Option two, is for everybody to come together and agree to build additional functionality or extensions on top of existing protocols. If you've ever had experience with SMTP and saw the arrival of STARTSSL vs TLS and then the various S/MIME and even SPF/DKIM and various other related security measures, they you will likely know how potentially useless they can be unless fully supported and implemented correctly with everybody you're communicating with.

STIR/SHAKEN Overview

Let's break this down...

What is STIR?

Secure Telephony Identity Revisited (STIR) was created by the Internet Engineering Task Force (IETF) as a way to add a digital certificate to SIP when a call is setup for the terminating side to validate the authenticity of that caller.

It's a collection of RFCs that cover the following topics:

  • RFC 8224 - Authenticated Identity Management in the Session Initiation Protocol (SIP)
    • This talks about how certificates can be used in SIP messages regarding identities.
  • RFC 8225 - PaSSporT: Personal Assertion Token
    • This talks about how a certificates and tokens can be created and validated. Which is an evolution of RFC 4474 regarding SIP Headers for providing authentication around identity, which itself is an extension of RFC 3261 which is the document that defines SIP and in this context the 'identity' specific headers such as FROM, PAI, PPI, etc - which are not authenticated in any way whatsoever by default.
  • RFC 8226 - Secure Telephone Identity Credentials: Certificates
    • This talks about how to trust certificates, therefore trust the numbers.

What is SHAKEN?

Other than a laborious but pun-worthy attempt to create a James Bond related name when combined with STIR, which is exactly what it is... SHAKEN comes from "Signature-based Handling of Asserted information using toKENs"... to the people that worked tirelessly to come up with the name instead of focussing on the content, I applaud you.

SHAKEN is a way to actually implement the various RFCs that make up STIR and extend it suit North American telephony to so it conveys additional information on the level of confidence (called the attestation level), as well as a 'governance model for distributing certificates' to uniquely identify the origin of the calls etc.
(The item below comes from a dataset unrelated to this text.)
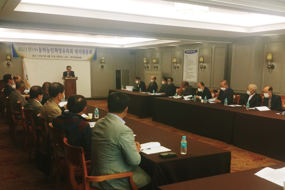 지난 4월 21일 아산에서 (사)동학농민혁명유족회 대의원 총회가 열렸다. 이 날 회의에서는 2020년 업무추진 경과보고, 2021년 사업계획 보고와 함께 전임 이사장 및 이사 해임의 건, 비상대책위원장 및 신임 이사장 선임의 건, 2020년 결산 및 감사보고의 건 등을 심의·의결하고, 제3대 (사)동학농민혁명유족회 임원진과 대의원을 임명하였다. 임원으로 이사장 주영채, 감사 최정길·이정일, 이사 정해곤(사무총장)·김범중·김창식·문영식·박종호·심재식·이정태·송영례·정탄진·함기영을 각각 임명되었으며, 대의원으로는 강성진(광주), 김수호(인천), 김영웅(대전), 박난수(예산), 송기평(정읍), 송옥희(서울), 송준호(청양), 이길로·이용로(전주), 이의석(홍성), 이원하(공주), 이정렬(장흥), 임영섭(안양), 조영범(태안), 최고원(김제), 최기주(임실), 최이기·황대규(아산), 황동우(고창) 등을 각각 임명되었다.

  • RFC 8588 - Personal Assertion Token (PaSSporT) Extension for Signature-based Handling of Asserted information using toKENs (SHAKEN)
    • This talks about how RFC 8225 (PaSSporT) should be used based on guidance from ATIS and SIP Forum IP-NNI Task Group to include that stuff I just mentioned, where you not reading?

What is the ATIS/SIP Forum IP-NNI Task Force?

I did say this wasn't a deep-dive, but if you're like me - any acronym presents as a rabbit hole that needs investigating. So I'll quickly say...

ATIS are the "Alliance for Telecommunications Industry Solutions" which is a US-based non-profit organisation that's funded and run by the hundreds of member companies that all have some sort of stake in the telecommunications industry.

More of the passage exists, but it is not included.